> **DATASET EXTRACT**
╭──

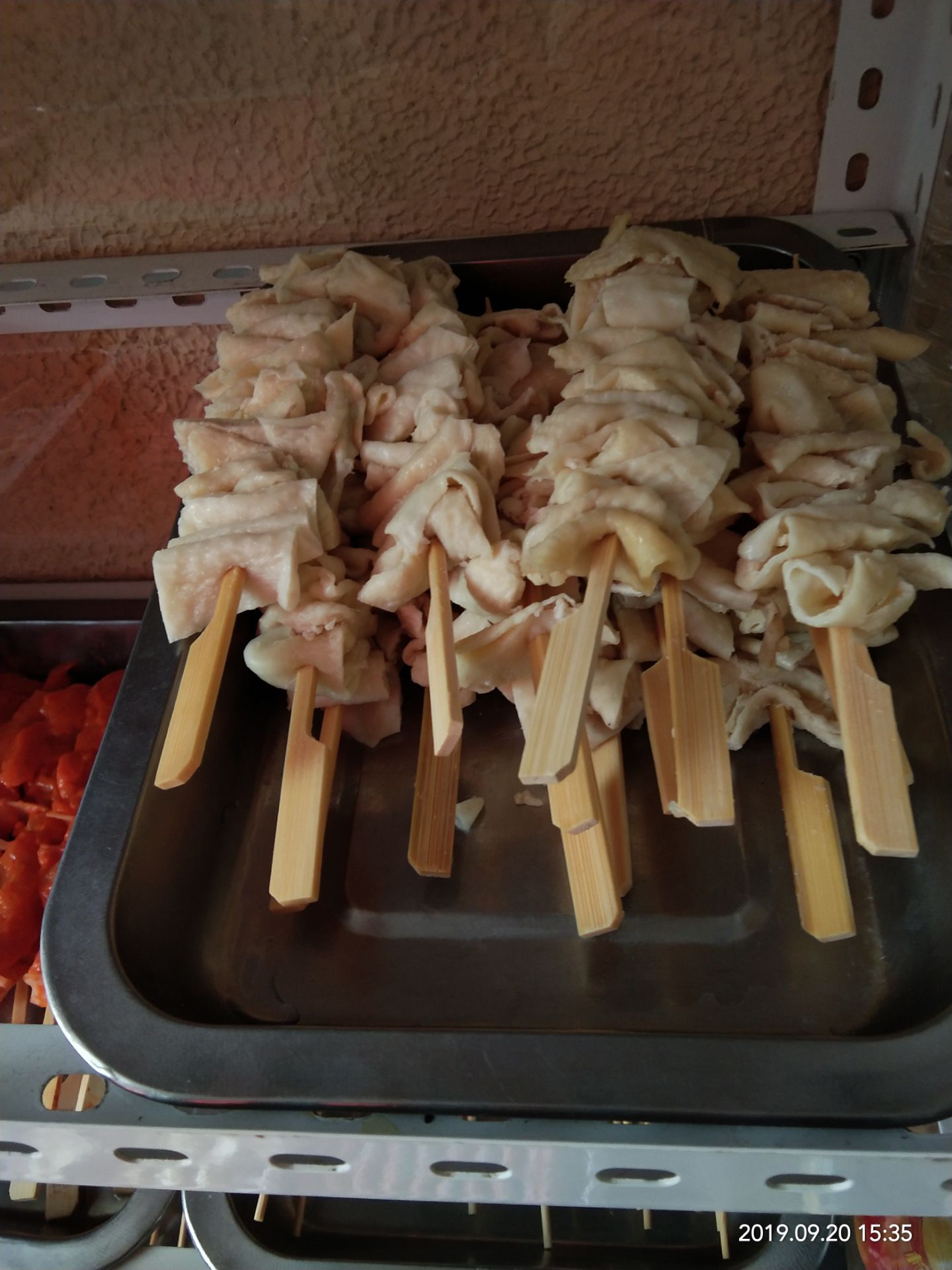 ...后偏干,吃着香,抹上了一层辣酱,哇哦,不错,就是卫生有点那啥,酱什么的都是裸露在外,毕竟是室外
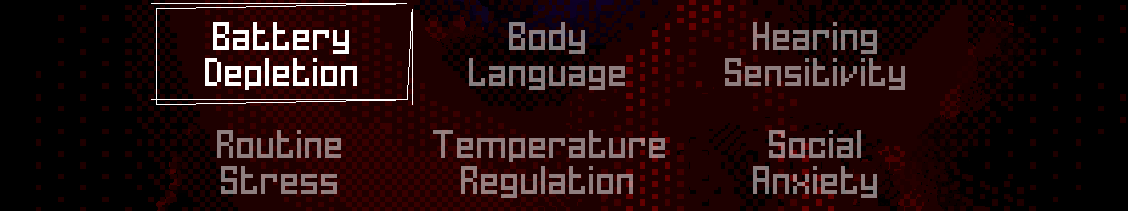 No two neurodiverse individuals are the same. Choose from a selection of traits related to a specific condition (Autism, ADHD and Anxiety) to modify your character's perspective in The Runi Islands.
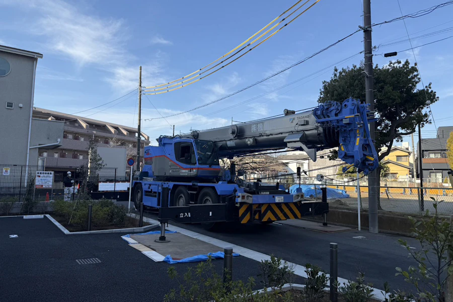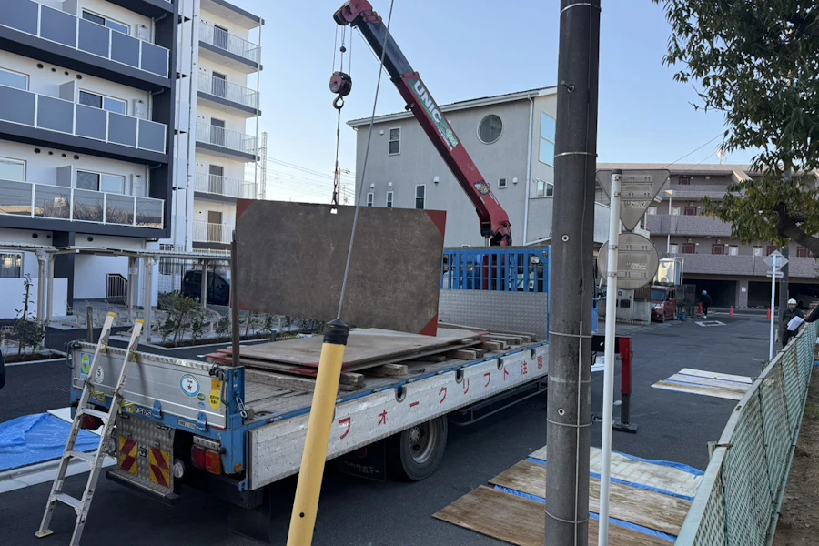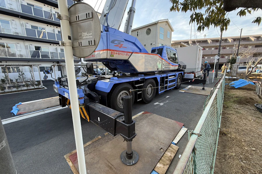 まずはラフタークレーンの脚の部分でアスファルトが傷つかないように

╰──

> **WORK ORDER**
Write out the listing word for word, omitting the pictures it holds.

> **THE COMPLETED TASK**
 ...后偏干,吃着香,抹上了一层辣酱,哇哦,不错,就是卫生有点那啥,酱什么的都是裸露在外,毕竟是室外
 No two neurodiverse individuals are the same. Choose from a selection of traits related to a specific condition (Autism, ADHD and Anxiety) to modify your character's perspective in The Runi Islands.
 まずはラフタークレーンの脚の部分でアスファルトが傷つかないように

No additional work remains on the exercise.